Ao contrário do que poderíamos imaginar, na totalidade do eclipse A Lua Cheia deve ficar com uma cor avermelhada, um tom parecido com tijolo molhado e que dependendo das condições da poluição atmosférica local.
É justamente essa sutileza óptica que será responsável pelo que alguns gostam de chamar de “Lua de Sangue”! Mas não tem nada de sangue. Há sim iluminação seletiva, em tons de vermelho-alaranjado, graças à refração e ao espalhamento e absorção da luz branca solar na atmosfera. Mais um lindo capricho da natureza e que torna os eclipses lunares ainda mais instigantes.
Confira abaixo montagem com imagens que capturei do eclipse lunar de 21 de dezembro de 2010, do início até a totalidade. O restante do fenômeno, nesta data, não pode ser observado daqui do Brasil porque já era final de madrugada e o Sol nasceu. Mas o eclipse lunar deste domingo poderá ser visto integralmente daqui do Brasil.
Pela sequência das minhas imagens você pode ter uma ideia da evolução temporal do aspecto visual da Lua Cheia ao longo do eclipse.
Cronologia do Eclipse Lunar Total de 16 de maio de 2022
O infográfico acima, que fiz com dados dos astrônomos Paulo G. Varella e Regina A. Atulim, mostra a evolução temporal do eclipse lunar deste domingo e vai ajudar você nas observações. Confira os principais momentos:
- 22h32: início do fenômeno, quando a Lua Cheia começa a entrar na penumbra da Terra;
- 23h27: a Lua Cheia estará totalmente dentro da penumbra da Terra;
- 00h28: início da totalidade, quando a Lua Cheia estará totalmente dentro do cone de umbra da Terra e ficará bem avermelhada;
- 01h11: meio do eclipse, ainda na totalidade;
- 01h54: a Lua Cheia começa a sair da umbra da Terra;
- 02h55: a Lua Cheia deixa por completo da umbra da Terra;
- 03h51: fim do fenômeno, quando a Lua Cheia sai da penumbra da Terra.
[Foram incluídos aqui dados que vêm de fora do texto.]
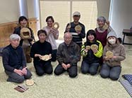 小谷村の複合拠点施設「おたりつぐら」で9日、手編みで仕上げる小谷の伝統工芸品「猫つぐら」職人の細澤清文さん(85)=北小谷深原=とともにわらで鍋敷きを作る催しが開かれた。村内外から4人が参加し、細澤さんら職人の手ほどきを受けながら作業しつつ、わら細工の奥深さや難しさ、世間話に花を咲かせた。 |

Vou tentar observar e fotografar o fenômeno. Posto possíveis astrofotos em tempo real nas minhas redes sociais (@dulcidio no Twitter, e @prof_dulcidio no Instagram) e, quem sabe, aqui mesmo no Física na veia ao longo da segunda-feira.
Boas observações. Abraço do prof. Dulcidio! E Física (e Astronomia) na veia!